UNESCO World Heritage Site

The 20th-Century Architecture of Frank Lloyd Wright is a UNESCO World Heritage Site consisting of eight buildings across the United States designed by the American architect Frank Lloyd Wright (1867–1959). These sites are designated because they exemplify his philosophy of organic architecture, in which he designed structures that harmonized with humanity and their environment. Wright's work had an international influence on the development of architecture in the 20th century.

The eight Wright buildings in the World Heritage Site are located in six U.S. states and were designed over a 50-year period. The first building included, Unity Temple, was completed in 1908. The last, the Guggenheim Museum, was completed in 1959, although its design had begun in the 1940s. All eight buildings are also listed as U.S. National Historic Landmarks. These structures were nominated because they were deemed "his masterpieces with the highest levels of integrity", because of their National Historic Landmark statuses, and because there were preservation plans in place for each building.

==Background==
===Wright's architecture===
Wright, a native of Wisconsin, initially studied with noted architects in the Chicago school of architecture (particularly Louis Sullivan) before opening his own practice in 1893. He became a world-renowned architect in the 20th century. Wright's architectural practice occupied three studios throughout his lifetime: his Oak Park studio in Illinois (1889–1910), Taliesin in Wisconsin (1911–1959), and Taliesin West in Arizona (1937–1959).

Some of Wright's earliest independent works were in the Prairie style, in which he designed until the mid-1910s; these were characterized by interconnected interiors and horizontal exterior design details. These Prairie-style works included the Robie House and Unity Temple, both in Illinois. In the 1910s and 1920s, Wright designed several buildings in California influenced by Mayan Revival architecture, including the Hollyhock House. Wright received few commissions from the late 1920s until the mid-1930s, when he was hired to design the Fallingwater house in Pennsylvania. He began experimenting with Usonian architecture for middle-class Americans in 1936, when he designed the Herbert and Katherine Jacobs First House in Wisconsin. Wright increasingly used non-rectilinear motifs—such as triangles, hexagons, and spirals—in his final years, incorporating spiral shapes into the Solomon R. Guggenheim Museum in New York.

===Nomination history===
Through efforts led by the Frank Lloyd Wright Building Conservancy, a nonprofit organization, Taliesin and Taliesin West were jointly nominated as a World Heritage Site in the late 1980s. The U.S. federal government endorsed the nomination, but UNESCO declined to grant the designation at the time, as it wanted to see a larger nomination with more Wright properties. In 2008, the National Park Service submitted ten Wright properties to a tentative World Heritage list. It grew to 11 structures across seven U.S. states in July 2011, out of more than 400 buildings reviewed by Wright experts. The nomination included two of Wright's studios, two office buildings, four private residences, one museum, one church, and one government building.

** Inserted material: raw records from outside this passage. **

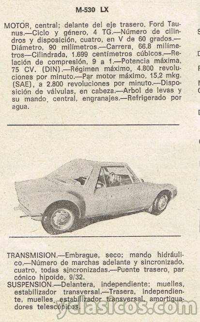 MOTOR: central; delante del eje trasero. Ford Taunus. Ciclo y género, 4 TG. Número de cilindros y disposición, cuatro, en V de 60 grados. Diámetro, 90 milímetros. Carrera, 66.8 milímetros Cilindrada, 1.699 centímetros cúbicos. Relación de compresión, 9 a 1. Potencia máxima. 75 CV. (DIN). Régimen máximo, 4.800 revoluciones por minuto. Par motor máximo, 15,2 mkg. (SAE), a 2.800 revoluciones por minuto. Disposición de válvulas, en cabeza. Arbol de levas y su mando, central, engranajes. Refrigerado por agua.
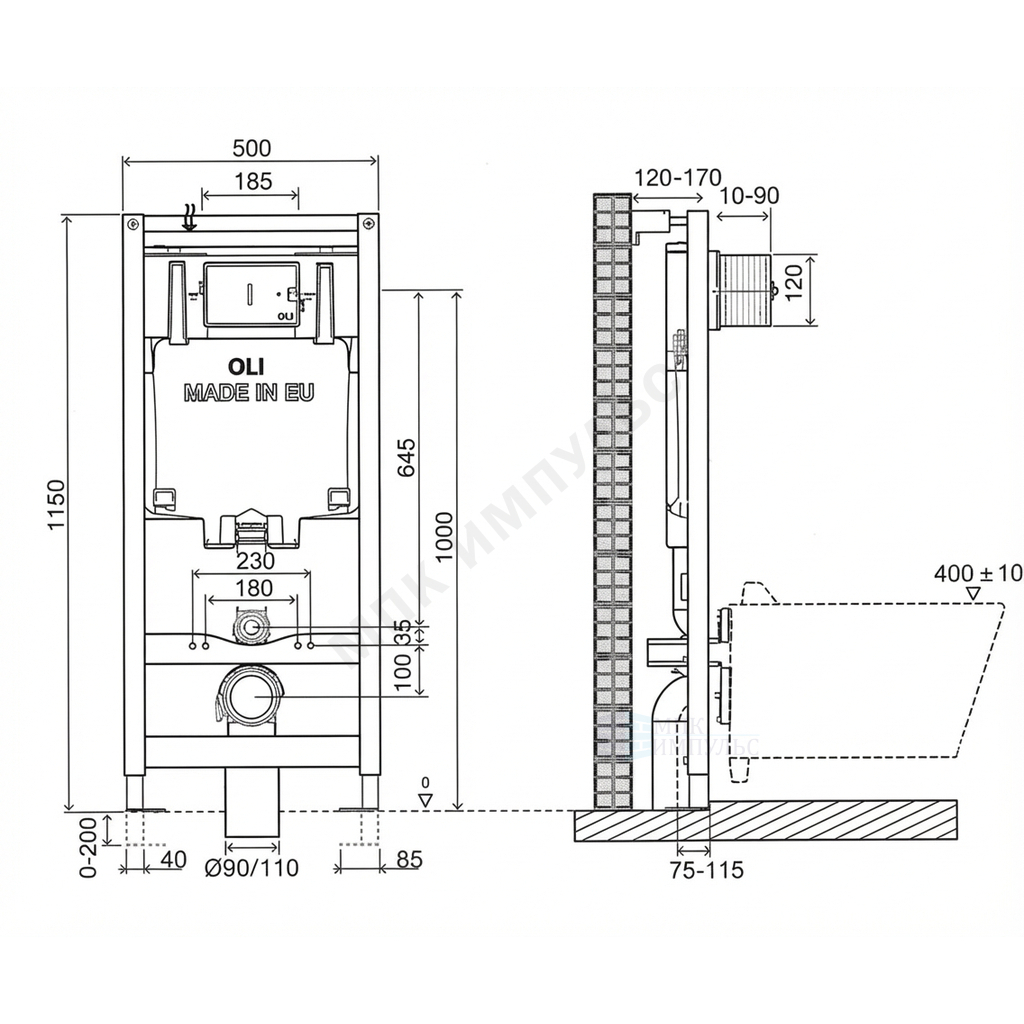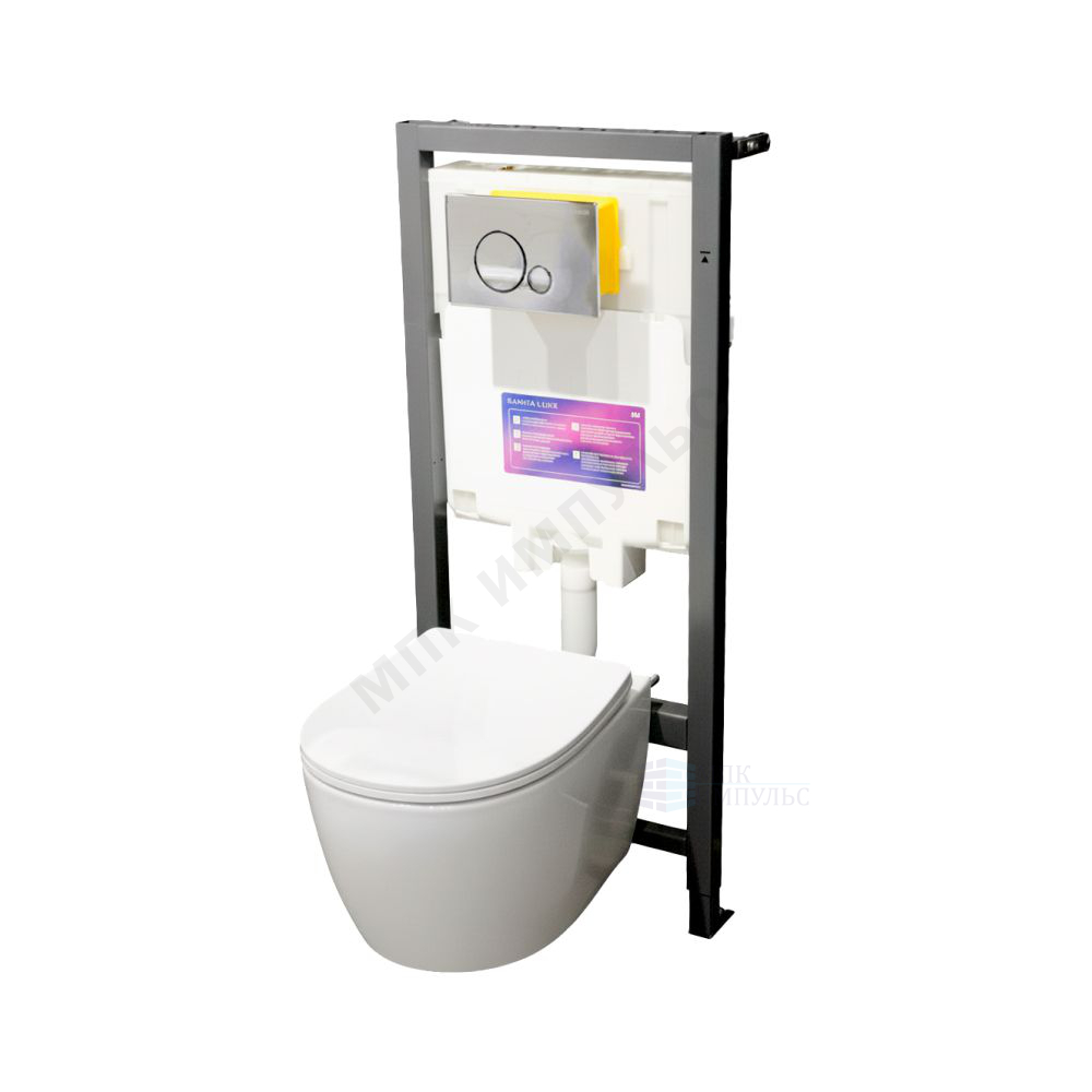 Комплект 4 в 1 инсталляция + кнопка смыва хром + унитаз подвесной сиденье дюропласт микролифт белый Art SLM Rimless Sanita Luxe Set.SL.Art.RML.SLM.DM/OLI.SM.CH.G.R2
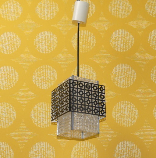 Vintage pendant lamp, chrome finish and glass lampshade, from the 1960s
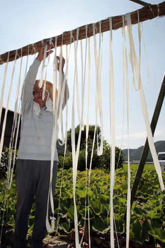 開催協力するために30数年ぶりに自宅畑でかんぴょうを栽培した木津の中田義弘さん(68)は「煮たときに柔らかく、味の浸透がよいのが特長。地物のよさを味わってほしい」と話している。
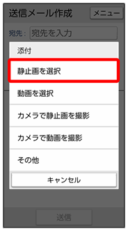 • 動画を選択と操作すると、データフォルダから動画を選択して添付できます。
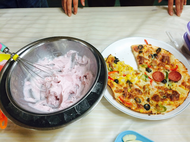 Then we sent the pizza into the oven and got started on the ice cream. We were all super shocked when our instructor told us we will be DOING IT BY HAND. And I was even more surprised by how good did tasted.
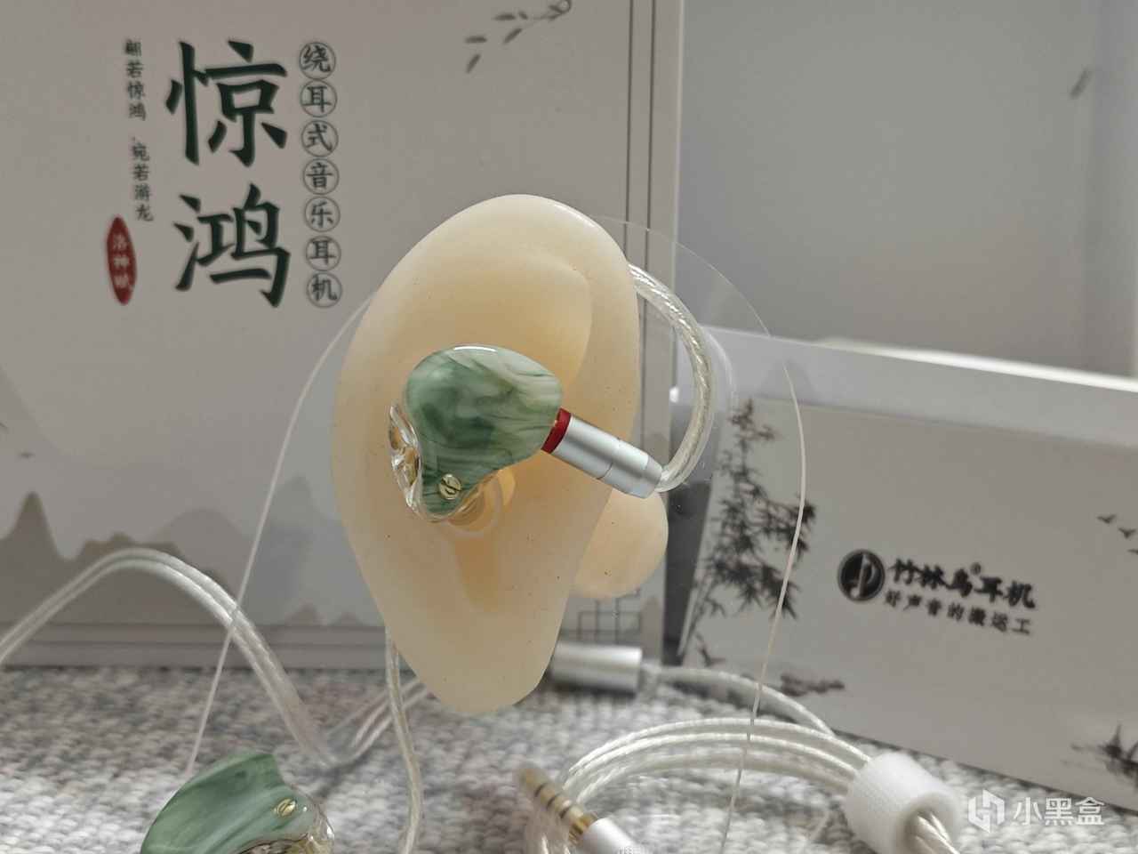 惊鸿的外观非常漂亮,腔体的正面面盖看着非常有光泽,摸起来是原石质感的,像真的玉片一样漂亮。惊鸿一共有4个颜色版本:凝霜白、浓墨黑、白+黑、翡翠。我这款是翡翠颜色。腔体背面是透明的PC材质,能看到内部的发声单元及走线,非常漂亮。
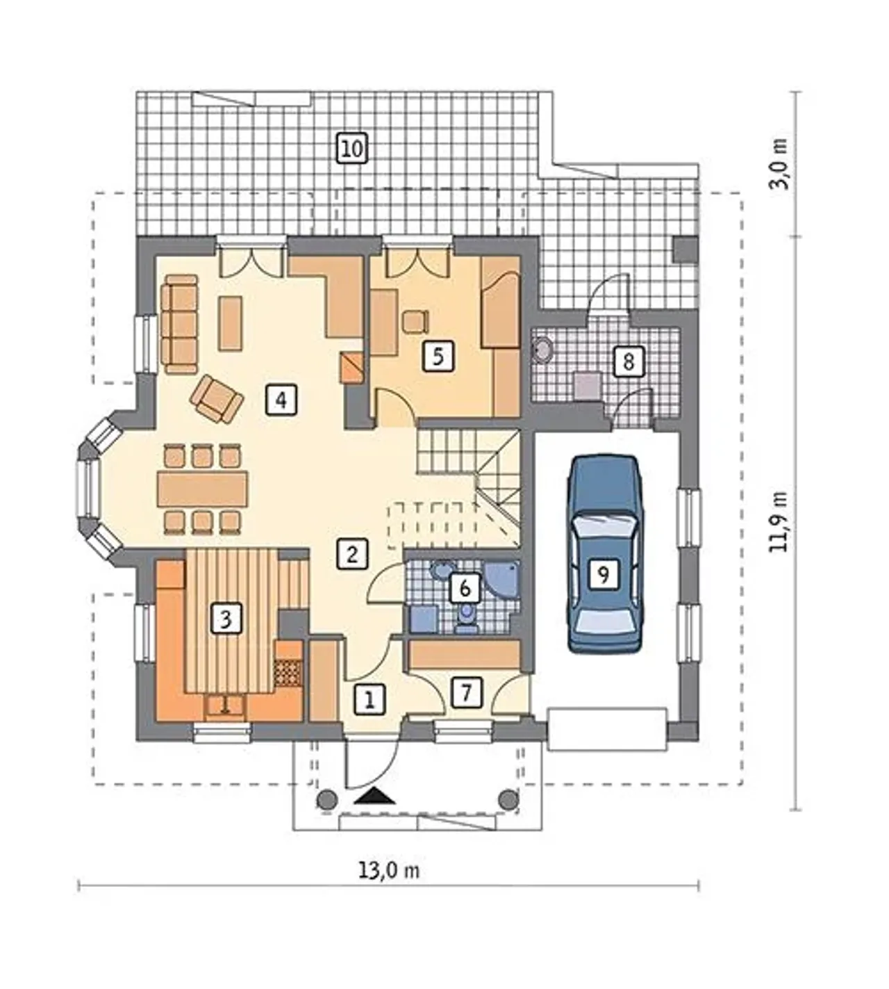Wypełnij formularz i otrzymaj rysunki w pdf z dokładnymi wymiarami budynku i pomieszczeń (długość, szerokość, wysokość) dla projektu Ogród o zmierzchu - wariant I - M76a
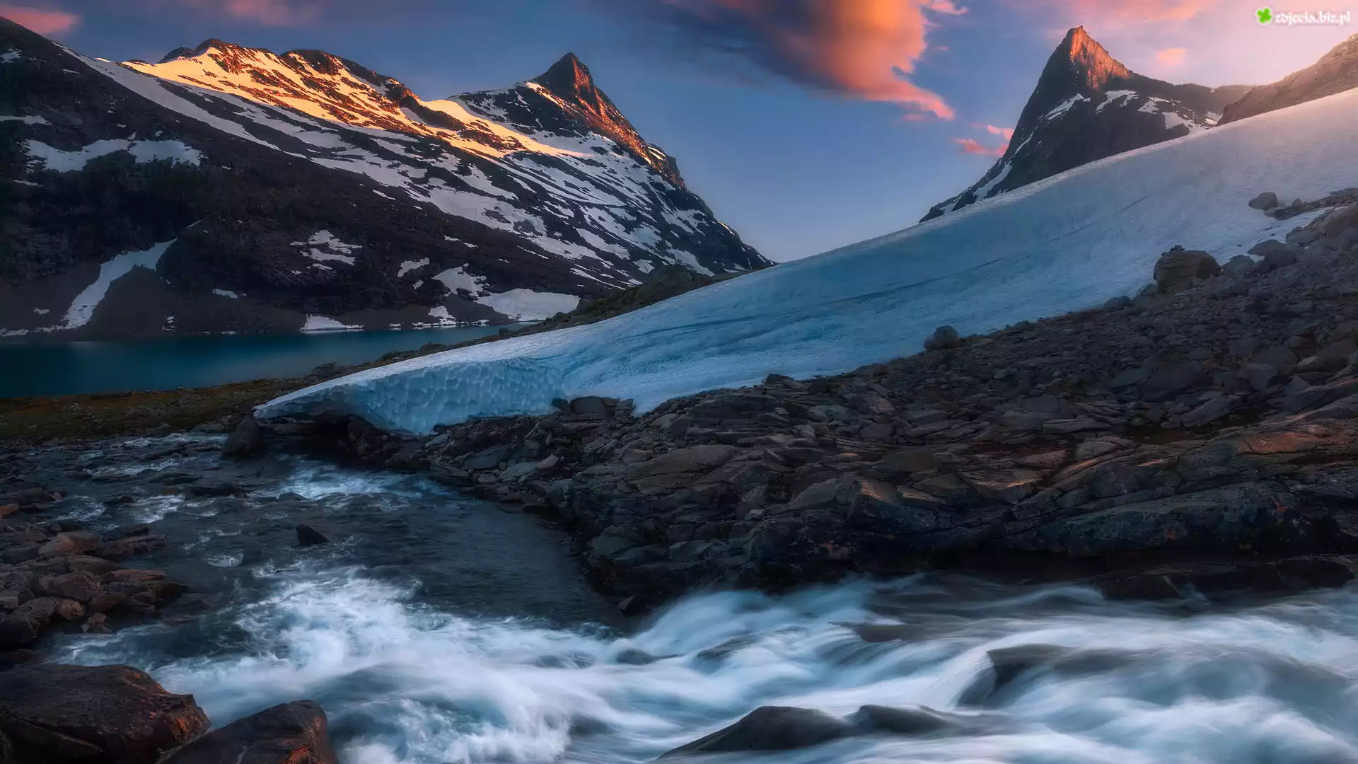 Zdjęcie Park Narodowy Jotunheimen, Góry Jotunheimen, Rzeka, Zima, Norwegia
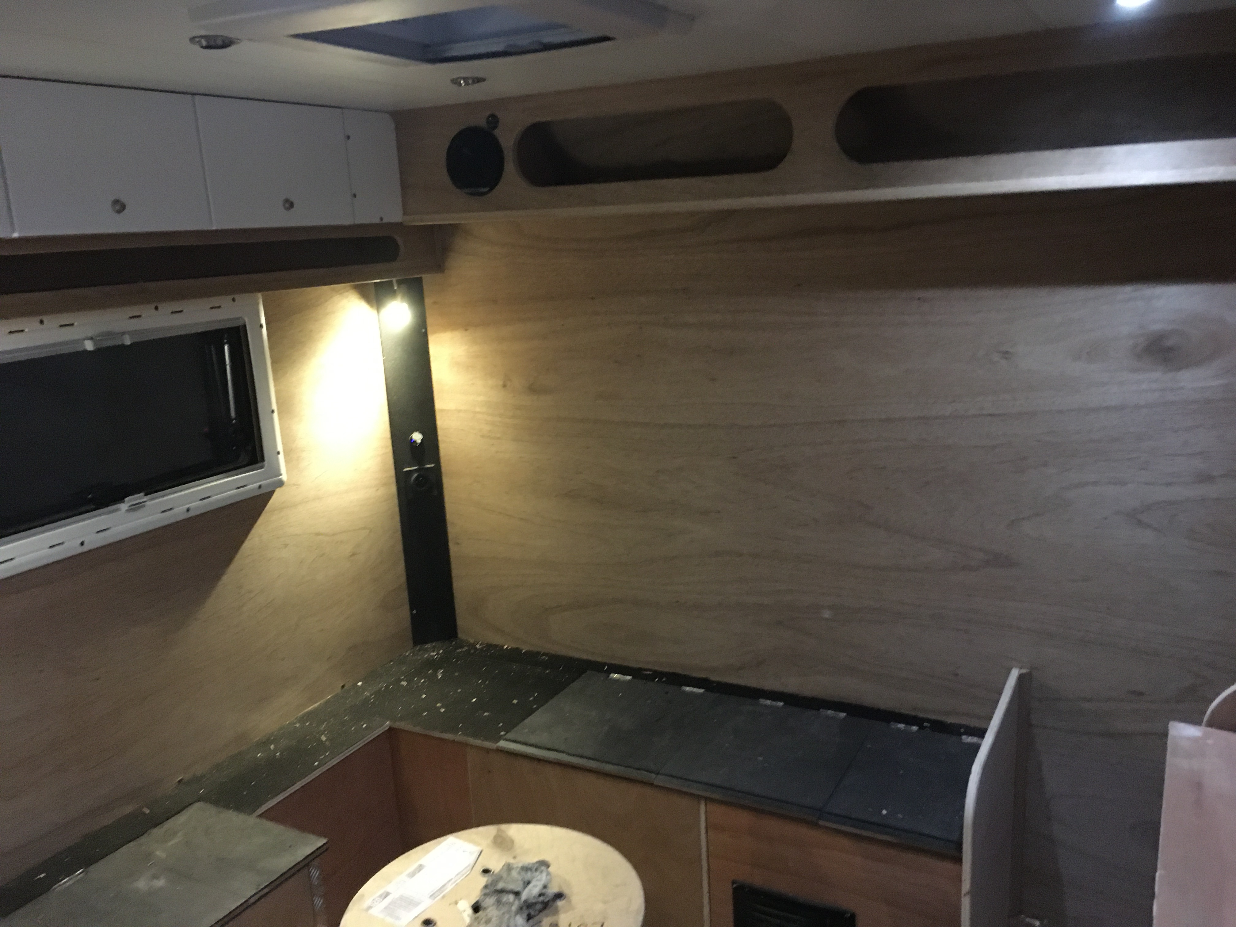 J attaque les finitions … Tirroir sur toute la largeur du lit , banquette , divers baguettes et plaquage , etcc etccc …

The S. C. Johnson & Son Inc. Administration Building and Research Tower in Racine, Wisconsin, was removed from the nomination at the request of its owner. In March 2015, the United States Department of the Interior again nominated ten Wright–designed structures for inclusion on the World Heritage List. UNESCO declined to designate Wright's buildings in July 2016, referring the nomination back to the Frank Lloyd Wright Building Conservancy for revision. The Conservancy–led Frank Lloyd Wright World Heritage Council collaborated with the National Park Service and UNESCO to modify the nomination. Eight of Wright's buildings were re-nominated to the World Heritage List in December 2018. The Price Tower in Bartlesville, Oklahoma, and the Marin County Civic Center in San Rafael, California, which had been part of the 2015 nomination, were excluded from the updated proposal. The International Council on Monuments and Sites recommended the nomination's approval in June 2019.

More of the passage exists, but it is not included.